Madame Phryne inclined her head. ‘What else are you thinking of, chef?’ she asked. ‘I’d be delighted to try anything you are experimenting with.’

‘For the other fish course, I have found the most delicious local fish—flathead. Good for bait, these barbarians say. It is as full flavoured as sole or whiting and twice as fine. Flatheads aux fines herbes, I think. Of course, I call them merlans, but they are flatheads just the same. Then since these Australians insist on steak, we could have a Parisian dish—tournedos Béarnaise, that should satisfy the carnivores. And perhaps a duckling with cherries—sweeter, to my mind, than orange and delicate of savour. Of course, one must have a game pie—rabbits here are the equal of anything in Europe and I’m sure that we can find a few pigeons.’

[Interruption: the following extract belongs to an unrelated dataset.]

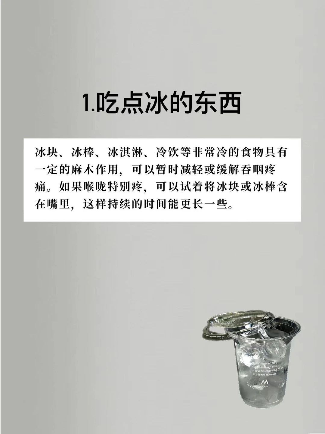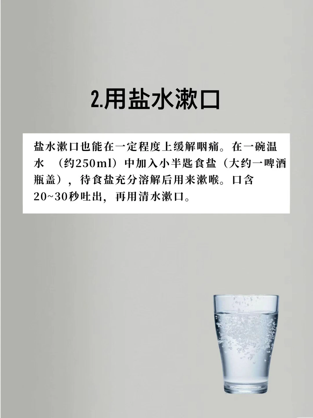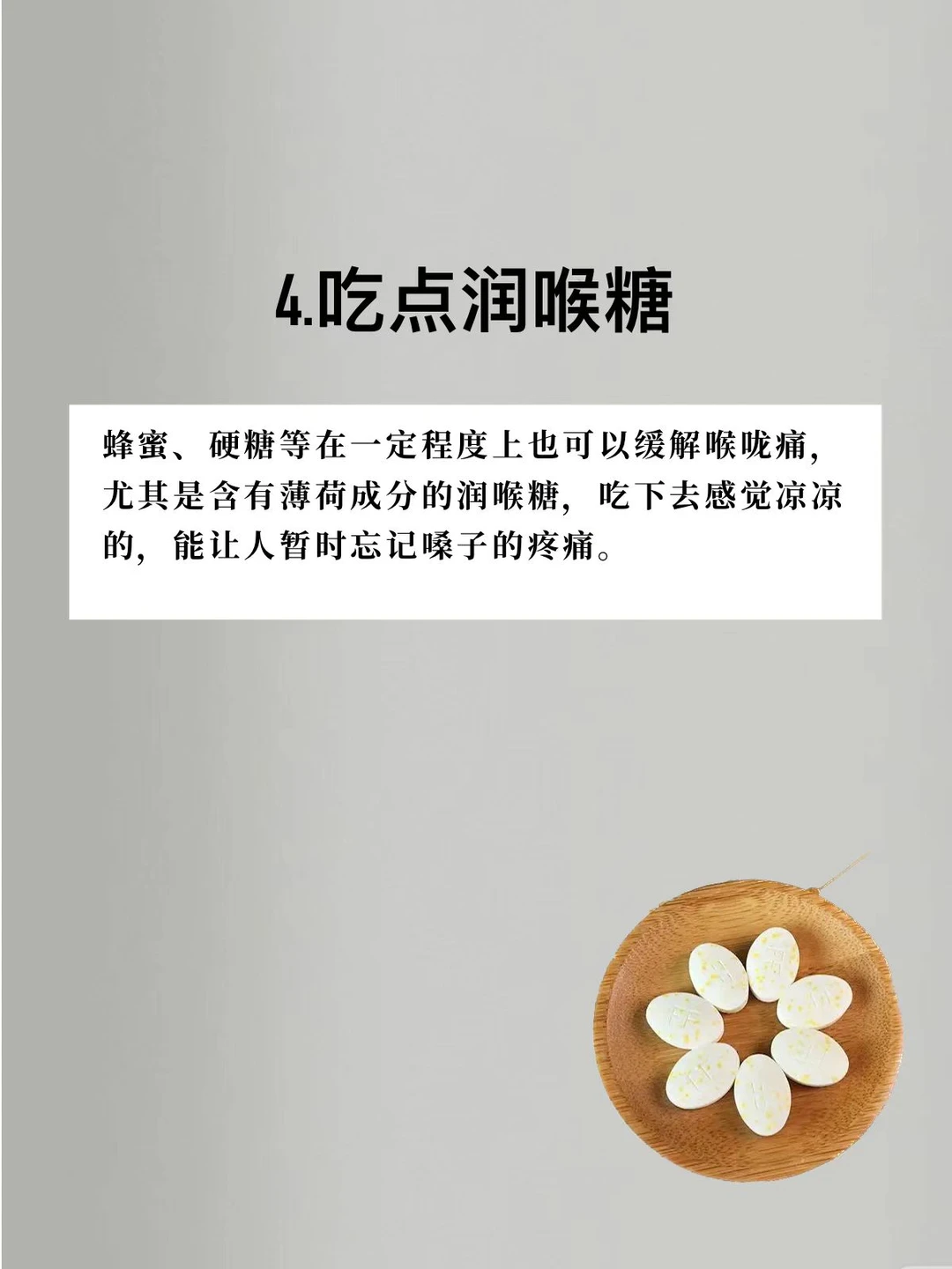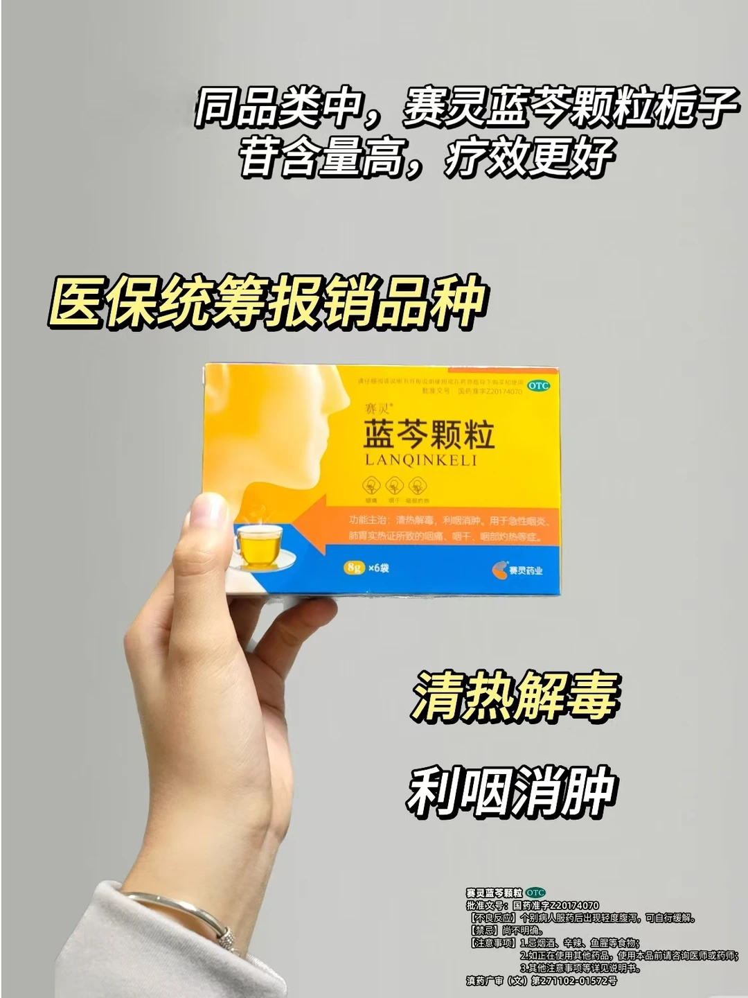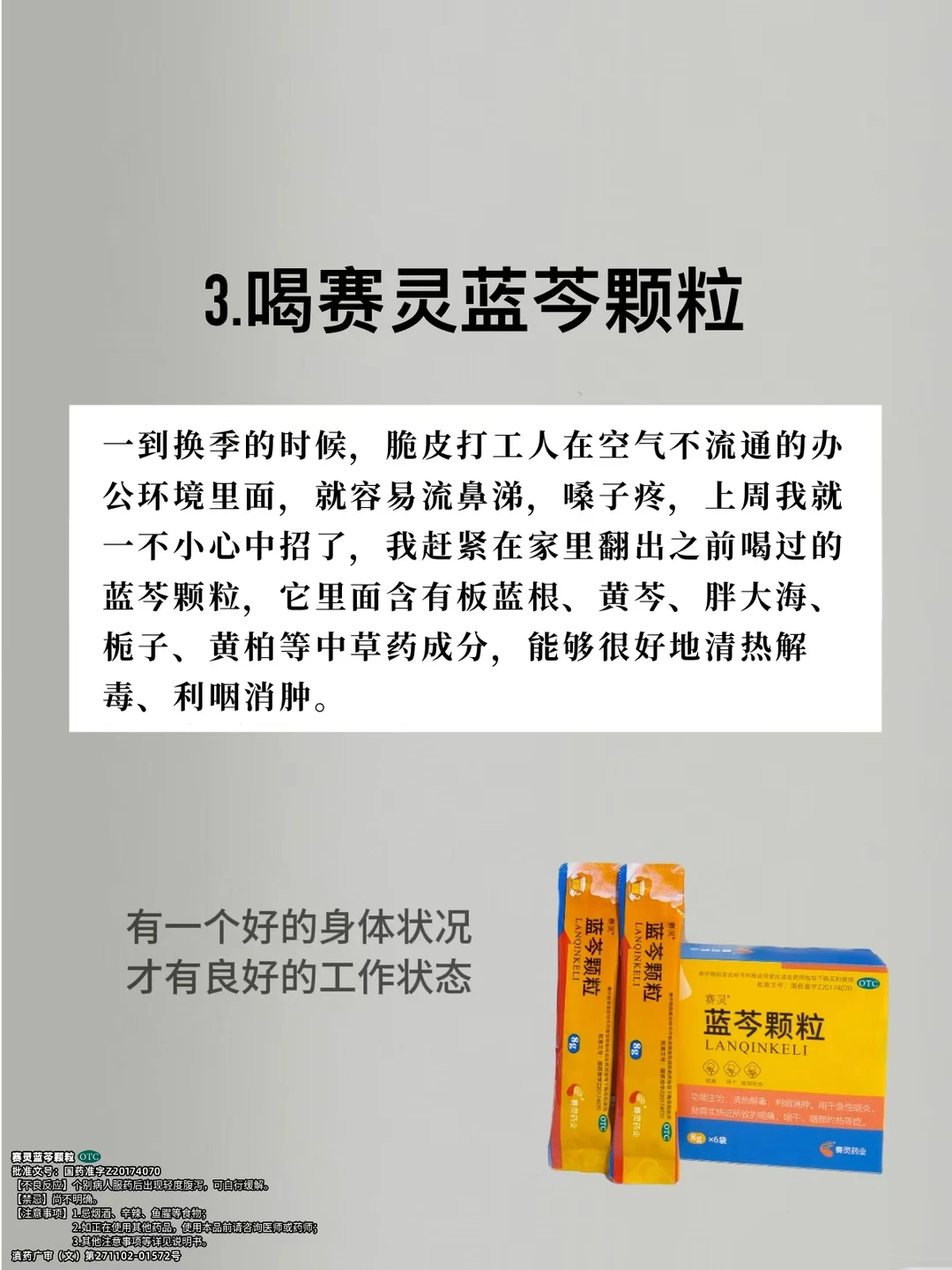 ✅1.吃点冰的东西。 ✅2.用盐水漱口。 ✅3.喝赛灵蓝芩颗粒。 (一到换季的时候,脆皮打工人在空气不流通的办公环境里面,就容易流鼻涕,嗓子疼,上周我就一不小心中招了,我赶紧在家里翻出之前喝过的蓝芩颗粒,它里面含有板蓝根、黄芩、胖大海、栀子、黄柏等中草药成分,能够很好地清热解毒、利咽消肿。有一个好的身体状况才有良好的工作状态) ✅4.吃点润喉糖蜂蜜、硬糖。 请仔细阅读说明书并按说明使用或在药师指导下购买和使用

‘Just ask a small boy with a slingshot,’ said Phryne, sipping. Ah, coffee. She had never liked living pigeons. No mere bird ought to be able to grumble like that. They seemed to view the human race with a beady, almost reptilian and always jaundiced eye. Besides, when Ember caught one he had a tendency to tear it wing from wing all over the house and it was amazing how many feathers there were on one small pigeon. But cooked— that was another matter, as the cannibal said to the missionary. M’sieur Anatole was continuing.

‘For soups—a printaniere, of course, a vegetable soup, and also a consommé Mireille . . . then perhaps ices for dessert. Mandarins glacés and something lush—I have it! Fraises Romanoff. Will you have more coffee?’

‘I will,’ said Phryne, and did. ‘What are fraises Romanoff?’

‘Strawberries, the large ones. Soaked in orange juice— freshly squeezed orange juice, you understand—and Curaçao. Served with crème Chantilly. Truly seasonal . . .’ The chef ’s moustache whiffled in ecstasy. ‘I would make them au Petit Trianon—La Reine Marie Antoinette loved strawberries like that—but I cannot get fraises du bois in Australia—they just do not taste the same, these tended fruits.’